Records from a collection:
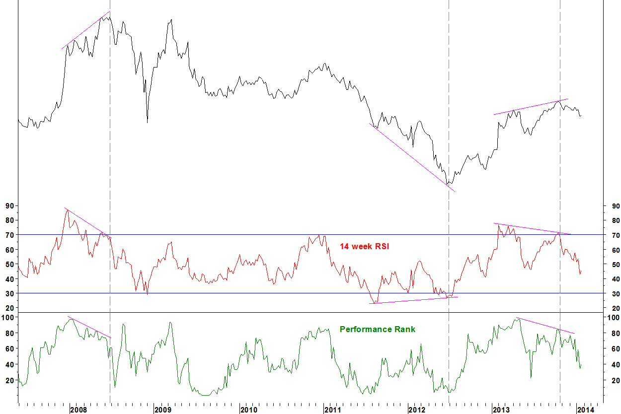 The last dashed line shows when the RSI and Performance Rank divergence were identified (in October). We may get more downside but that is not something that can be predicted through my method, which identifies the divergence set up.
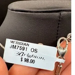 Brighton Meridian Two Tone Hammered Square Pendant Wheat Chain Necklace JM7591
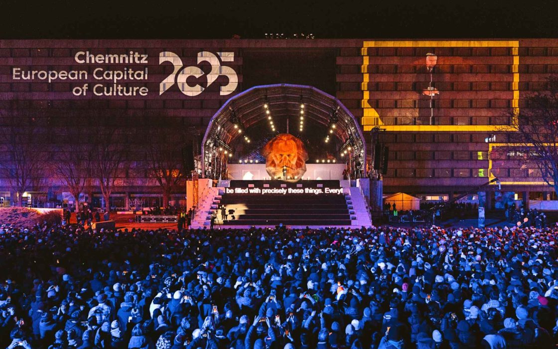 El emblema de Chemnitz es una gran estatua de Karl Marx sobre la que se construyó el escenario que acogió los conciertos inaugurales. Allí, el presidente de la República Alemana, Frank-Walter Steinmeier, dio la bienvenida a la capitalidad.
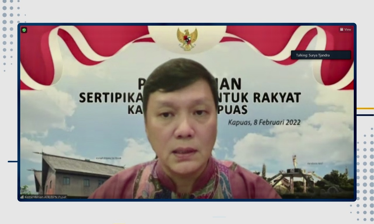 “Itu kira-kira 219.000 lebih bidang, dan sisanya sekitar 20 persen atau 55.000 bidang. Kalau mau kejar setahun 20.000 bidang didaftarkan, mungkin tahun 2024 atau 2025 bisa tuntas seluruh bidang tanah di luar kawasan hutan terdaftar di Kabupaten Kapuas,”ujar Surya Tjandra saat memberi sambutan penyerahan sertipikat tanah kepada masyarakat Kabupaten Kapuas, Provinsi Kalimantan Tengah secara virtual pada Selasa (8/2).
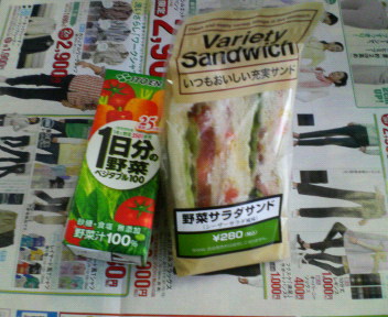 昨日の朝食は会議の資料作りで忙しかったものですから簡単にサンドイッチと野菜ジュースです。
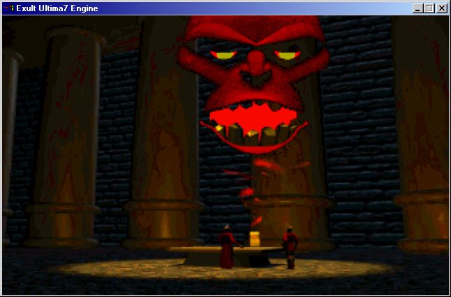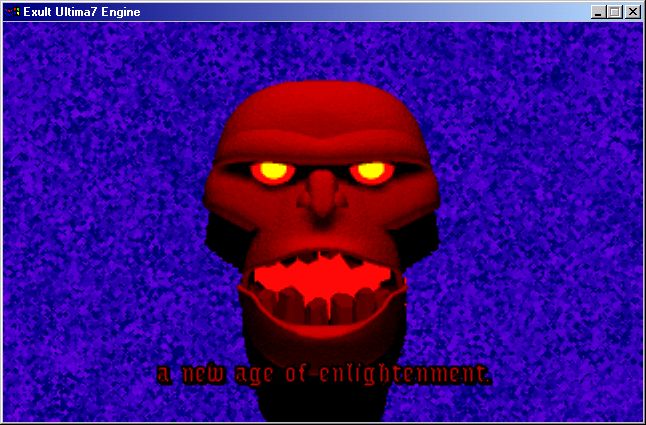 INTRO HISSS JIVE, or by pressing F11 in Exult) where the Guardian is a big red muppetAn interesting thing about the Guardian is that his teeth change more than Castle British! Some people wonder who his dentist is, considering his teeth change from a lump of crystals to a perfect set of teeth. See for yourself:

## Task details
Reproduce the data above word for word from its first line through the line that holds "Brighton Meridian Two", both ends included; skip pictures.

## Exercise answer
 The last dashed line shows when the RSI and Performance Rank divergence were identified (in October). We may get more downside but that is not something that can be predicted through my method, which identifies the divergence set up.
 Brighton Meridian Two Tone Hammered Square Pendant Wheat Chain Necklace JM7591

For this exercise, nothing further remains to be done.